Nachdem  ich nach erstmaligen Betrieb des OP77 ein Betriebssystemupdate  durchführte , hat sich der Panel aufgehangen. Bekomme absolut keine  Verbindung mehr.
Komme auch nicht mehr in die Einstellungen des Panels....das einzige was beim einschalten
passiert  , das der Panel kurz bootet und dann sofort eine Meldung rauswirft  "this device contais free software .... usw" ..........  keine Tasten  reagieren.
Habe gelesen , das es bei älteren Panel eine Tastenkombi gab , welche es wohl beim OP 77 nicht mehr gibt.

Es sollte doch eine Möglichkeit geben das Teil zu reseten ,ohne das man es direkt einschicken muß.....oder ?


Danke im Vorraus für Eure Hilfe!

Grüße Stefan !
*


----------



## van (12 Februar 2011)

Hallo,

mit einem PPI Kabel sollte man es immer zurücksetzen können bzw. das Betriebssystem Update nochmal einspielen können.

Zumindest klappt das bei mir immer wenn das Betriebssystem Update über MPI schief geht.


----------



## nognogradio (12 Februar 2011)

Danke für die schnelle Antwort !

Nun , hätte noch enen CP5511 Adapter der über PCMIA Slot läuft , nur leider funktioniert der nicht mehr mit win 7 .... 

Was benötige ich denn für eine Schnittstelle am Laptop für den PPI Adapter und wo bekommt man günstig sowas?


Grüße Stefan !


----------



## Jan (12 Februar 2011)

Hallo,

es gibt einen USB-PPI Adapter von Siemens, den nutzen wir für unsere OP73 micro.
Ein Kollege hatte das Problem auch mal, dass beim Laden was schief ging, allerdings musste er das Gerät (den Typ weiß ich jetzt nicht) einschicken.
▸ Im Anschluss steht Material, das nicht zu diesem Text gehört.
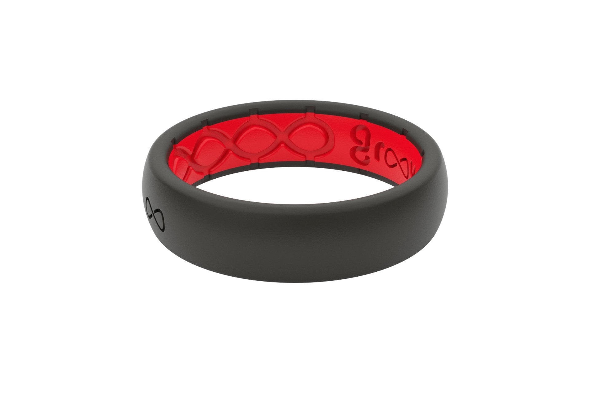 Groove's Thin Solid Colored ring is the heart and soul of Groove. We offer many unique and creative colors, allowing you to pick what suits you best. Our Midnight Black exterior paired with the Raspberry Red interior allows subtlety and style all at once. Our high-tech grooves provide an unmatched level of breathability and comfort. Engineered to keep air in and moisture out, you can't go wrong with this ring. The medical grade silicone keeps your ring flexible while maintaining a durability that other silicone rings can't compete with. This ring is the perfect choice to replace your old metal ring.

Aber bevor du einschickst, wäre der Vorschlag von Van einen Versuch wert. Viel mehr kann ja nicht mehr kaputt gehen.


----------



## nognogradio (12 Februar 2011)

Jan schrieb:


> Hallo,
> 
> es gibt einen USB-PPI Adapter von Siemens, den nutzen wir für unsere OP73 micro.
> Ein Kollege hatte das Problem auch mal, dass beim Laden was schief ging, allerdings musste er das Gerät (den Typ weiß ich jetzt nicht) einschicken.
> ...






der USB PPI Adapter ist aber nicht für meine 314er CPU zu gebrauchen , sondern dann nur für den OP77 oder ?

Grüße Stefan !


----------



## Jan (12 Februar 2011)

Ja, so ist das leider.

Ich gebe jetzt aus dem stehgreif keine Garantie, dass mit dem PPI-Kabel auf das OP77A zugegriffen werden kann.
Aber wenn Van das schreibt, denke ich, wird es richtig sein.
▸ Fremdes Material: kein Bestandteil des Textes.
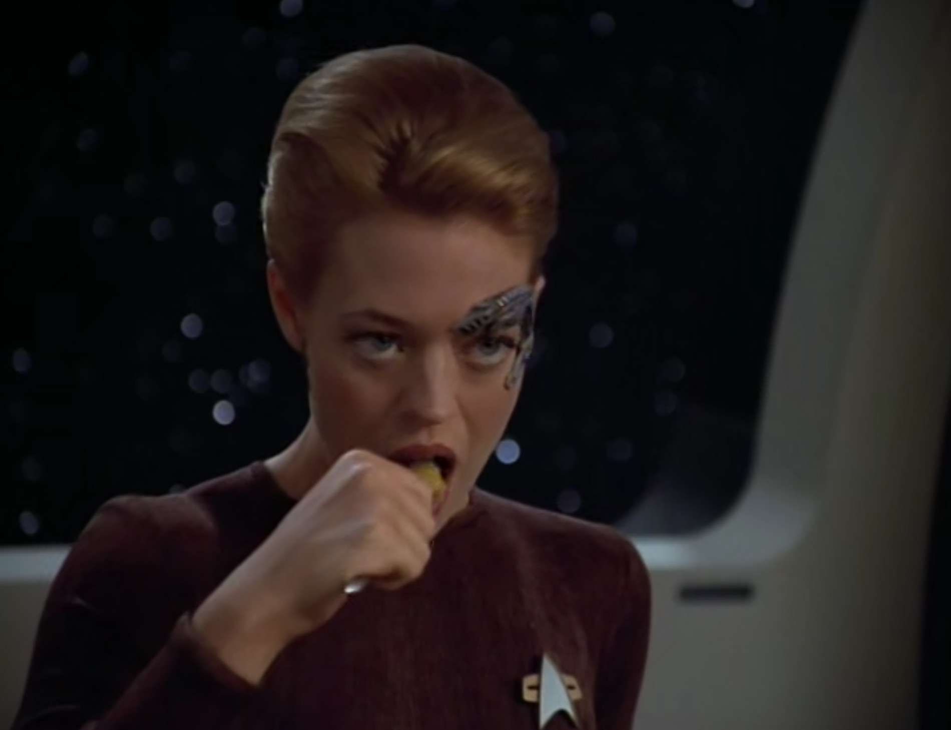 #StarTrekMarathon #StarTrek Voyager Ep 74 - The Raven - 8 Oct 1997 2/2 includes eating food (which is a fun scene with Neelix). She tries to return to the Borg and has flashbacks about her life before being assimilated. The second half of this episode was awesome. Loved seeing Jeri act like a kid.

Ich hatte vorgestern ein OP7 und musste erschreckend feststellen, dass es nur über ein 15 pol. serielles Kabel geladen werden kann.
Beim OP7 ist nix mit laden über MPI, DP, LAN, USB oder PPI.
Deshalb bin ich jetzt etwas vorsichtig geworden.


----------



## MSB (12 Februar 2011)

Hier steht das alles geschrieben:
http://support.automation.siemens.com/WW/view/de/19701610

Du musst das Teil nun auf "Werkseinstellungen zurücksetzen" bzw. "Urladen",
im Fall des OP77A mit RS232/PPI Multimasterkabel oder einem USB/PPI .Multimasterkabel

Mfg
Manuel


----------



## van (12 Februar 2011)

ich habe ein USB/PPI Kabel (Bestellnummer: 6ES7 901-3DB30-0XA0). Das lag mal einem S7-200 StarterKit bei.

Und seit ich an meinem ersten Arbeitstag gleich ein MobilePanel177 gebrickt habe gebe ich das Kabel auch nicht mehr her.


----------



## nognogradio (23 Februar 2011)

Hallo !

Die Lösung war wirklich das hier:

USB/PPI Kabel (Bestellnummer: 6ES7 901-3DB30-0XA0) 


Danke nochmal ........ Grüße Stefan !


----------



## Jan (23 Februar 2011)

*Danke-Button*



nognogradio schrieb:


> Hallo !
> 
> Die Lösung war wirklich das hier:
> 
> ...


 

Ich denke MSB und van haben einen Klick auf den Danke-Button verdient.


----------